От радости я даже не удивился и не очень рассердился.
— Ты что? Ты почему, дубина такая, теряешься? — сказал я почти ласково.
Не отвечая, он продолжал пристально смотреть в осеннее небо.
— Что с тобой? — спросил я.
— Я пи-пи хочу, — сказал он голосом мученика.
— Ну и что? Потерпи.
— Не могу. Очень хочу.
Я посмотрел на железные ворота, возле которых мы стояли. На воротах висела дощечка: «Отхожего места нет». На следующих воротах было написано: «Уборная во дворе не имеется». Эти надписи я читал вслух, так как Вася в то время читать еще не умел. Боюсь, что это чтение не доставляло ему очень большого удовольствия. Он шел за мной медленно, как старичок, пригнувшись и с трудом разгибая ноги.
— Потерпи, пожалуйста, — сказал я. — Скоро Фонтанка. А на Фонтанке есть писсуар.
— Где? Какой писсуар? — сказал он плачущим голосом.
— Ну что ты, уже забыл? Серый. Железный. Около водопойки.
— Мне не дойти, — сказал Вася, останавливаясь.
Я понял, что это правда, завел его в первые попавшиеся ворота, поставил в темный угол и сказал:
— Ну!..
Целую минуту я ждал его. Я слышал, как он сопит, и видел только его спину и плечи.

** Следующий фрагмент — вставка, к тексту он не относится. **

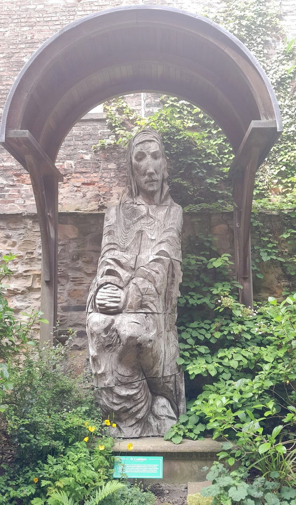 The wood sculpture was gifted in 2005 and is in the Heritage Garden along with Gaia. Mr Lawson is also known for The Journey cast in bronze 2008 and is outside the Gala Theatre, Millenium Place, Durham City, and in wood at St Marys on Holy Island.
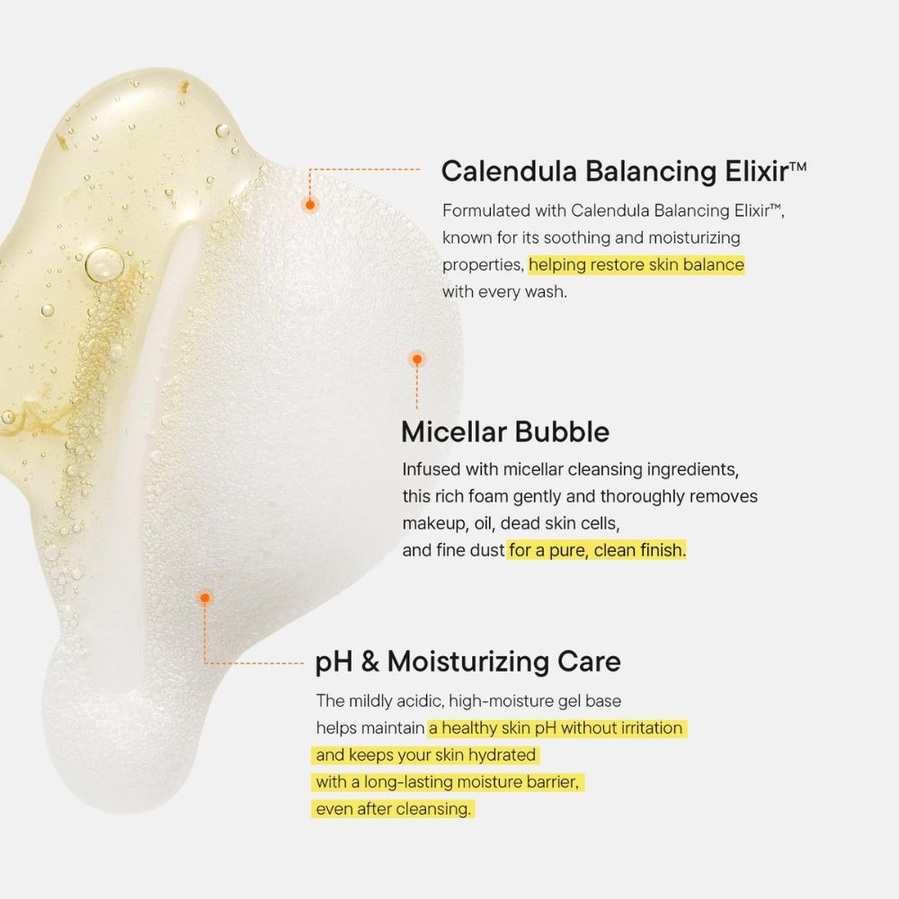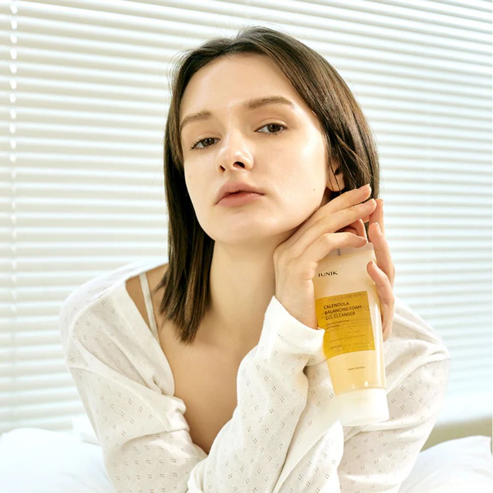 Iunik Calendula Balancing Foam Gel Cleanser este un gel de curățare conceput pentru a îndepărta eficient impuritățile zilnice, sebumul, protecția solară și machiajul ușor, fără să usuce sau să irite pielea. Formula combină tehnologia micelară de purificare cu o microspumă fină tip air-cushion, care curăță delicat și lasă pielea confortabilă. pH-ul scăzut și complexul cu calendula susțin echilibrul pielii și contribuie la menținerea unei bariere cutanate sănătoase.
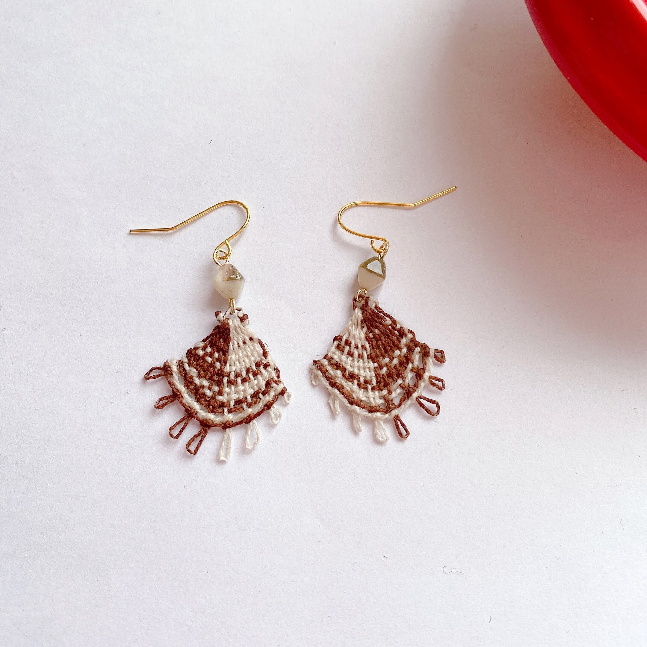 ブラウンチェックのニャンドゥティのピアス
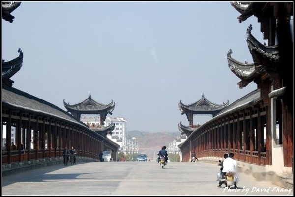 听我们说到清华来只看彩虹桥和老房子,胡老伯先带我们到3楼阳台遥看彩虹桥,彩虹桥被各媒体誉为中国最美的廊桥,是省级重点保护文物。她有着悠久的历史,建于南宋,已有800年。又说带我们去他住的地方看老房子和彩虹桥,说他家的房子木雕最多,保存最完整,看过他家别的房子就不用看了。马上打电话把他孙女叫来看店,带我们上了老街。清华主要有新街、唐代老街两条街,老街上都是老房子,可以走到彩虹桥,我们没打算买票上桥,只想远远看看拍拍照。老伯和看巷子口的小脚侦缉队打了招呼,使我们能走到一个拍彩虹桥比较好的河边,
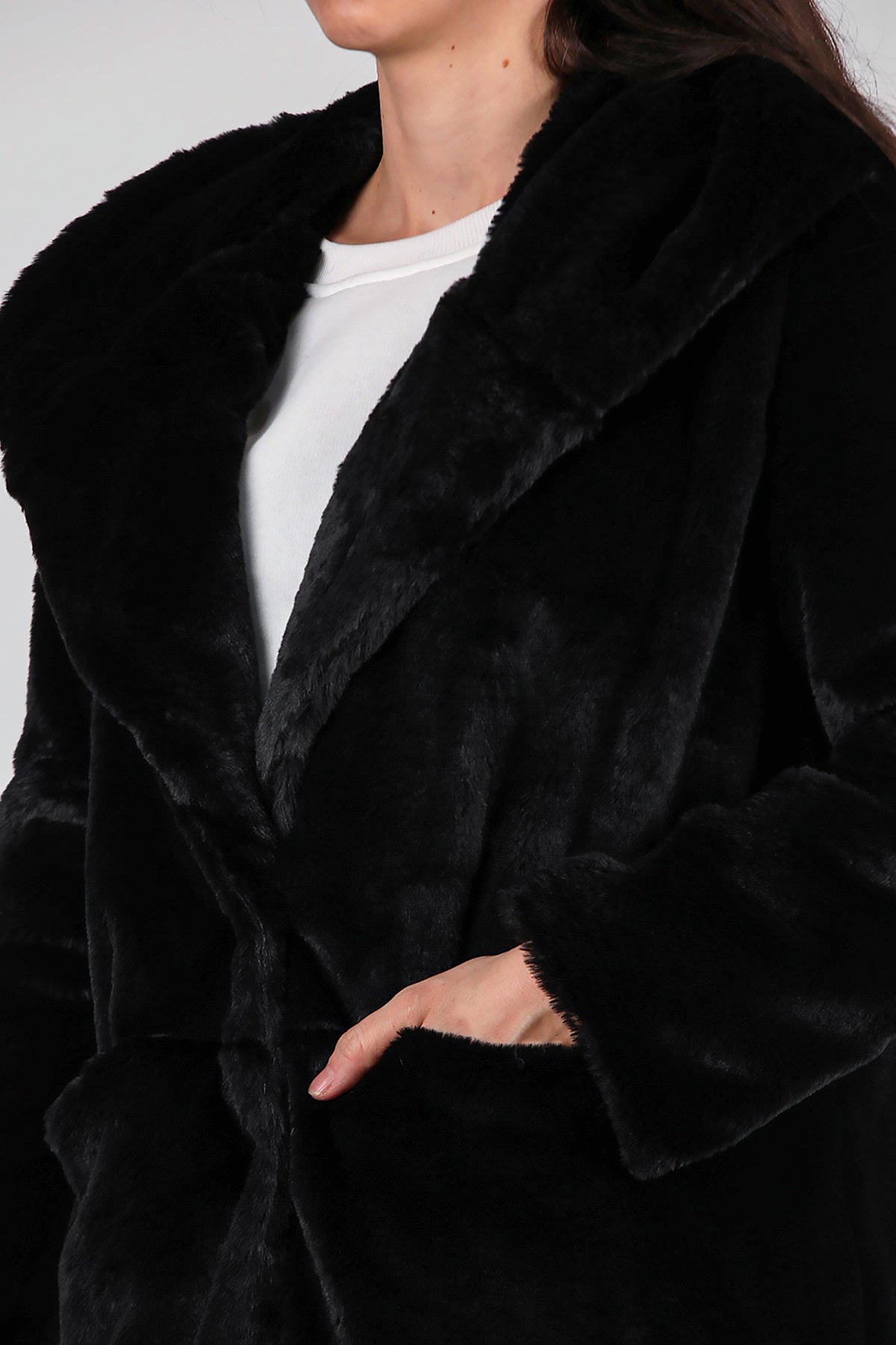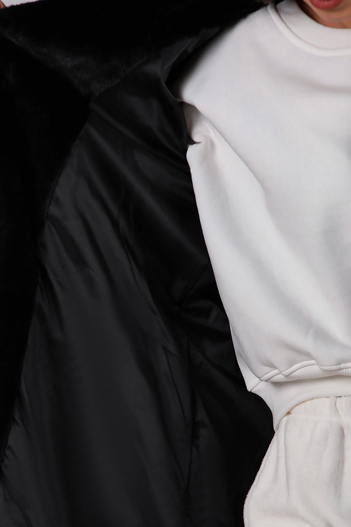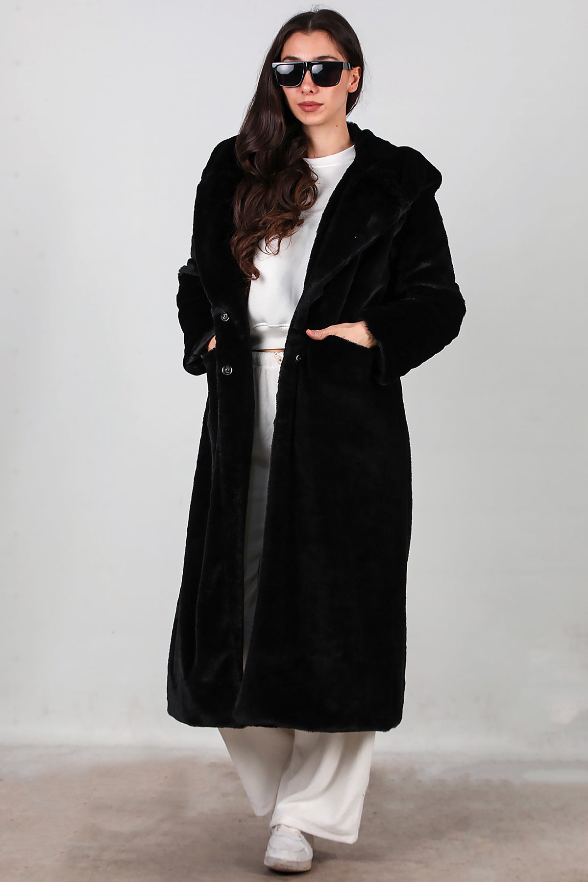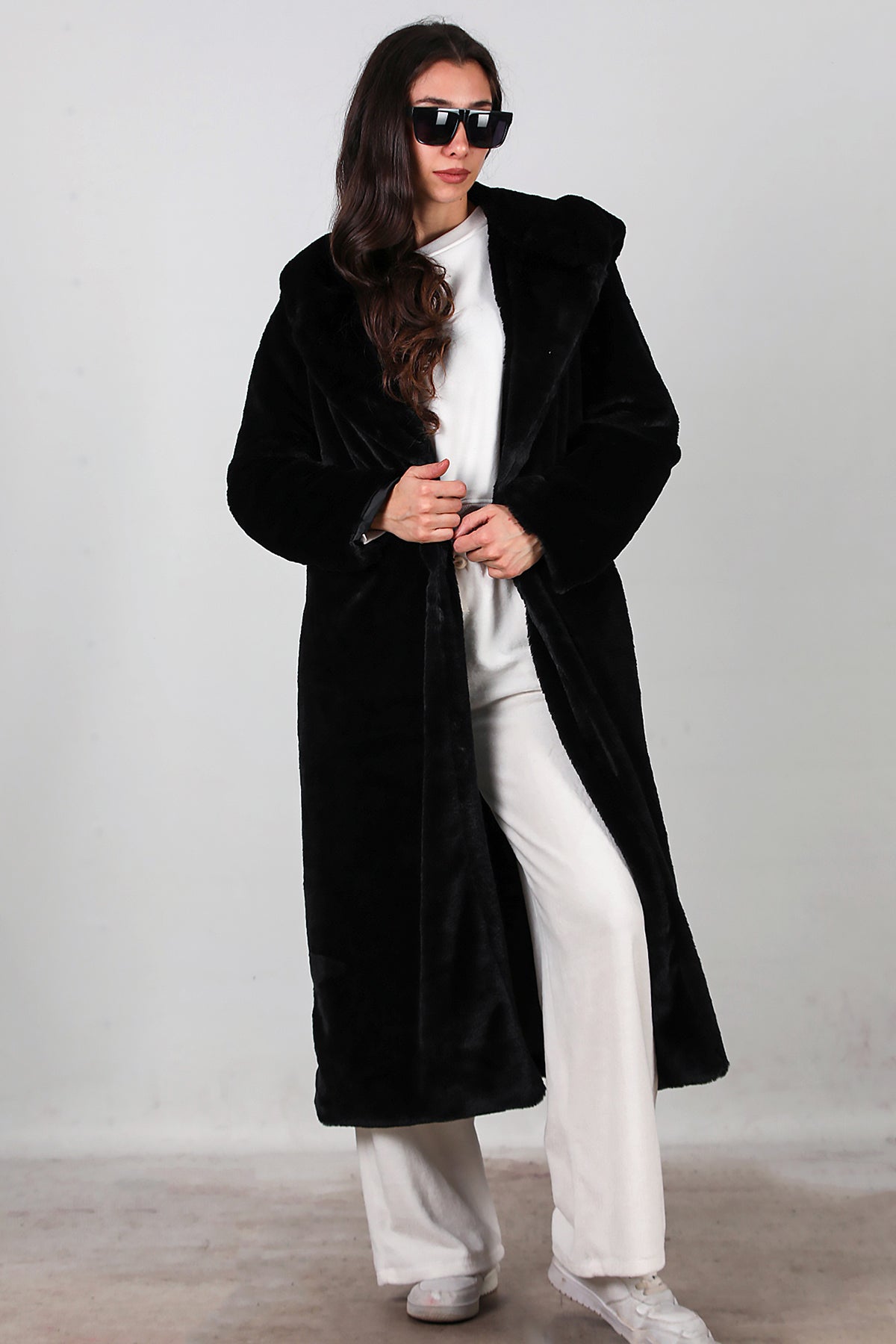 Kadın Kapşonlu Uzun Kürk Mont Siyah

— Поторопись ты, — сказал я, нервничая. С трепетом поглядывая то на калитку, то в глубину двора, я ждал, что вот-вот появится дворник или городовой. Наконец я услышал в углу вздох облегчения.
— Застегнись, — приказал я.
— Я не умею, — сказал Вася. Пришлось, поскрежетав зубами, опуститься на корточки и делать за него то, что каждый человек должен делать сам. Оказалось, что это не так-то просто — застегивать чужие пуговицы. Как назло, еще и штаны у нас были совсем новенькие, петельки были жесткие, не обмялись, пуговицы в них не влезали, выскальзывали из пальцев.
— Идем, — сказал я, поднимаясь. — И в дальнейшем веди себя, пожалуйста, прилично. Из-за тебя и так опаздываем.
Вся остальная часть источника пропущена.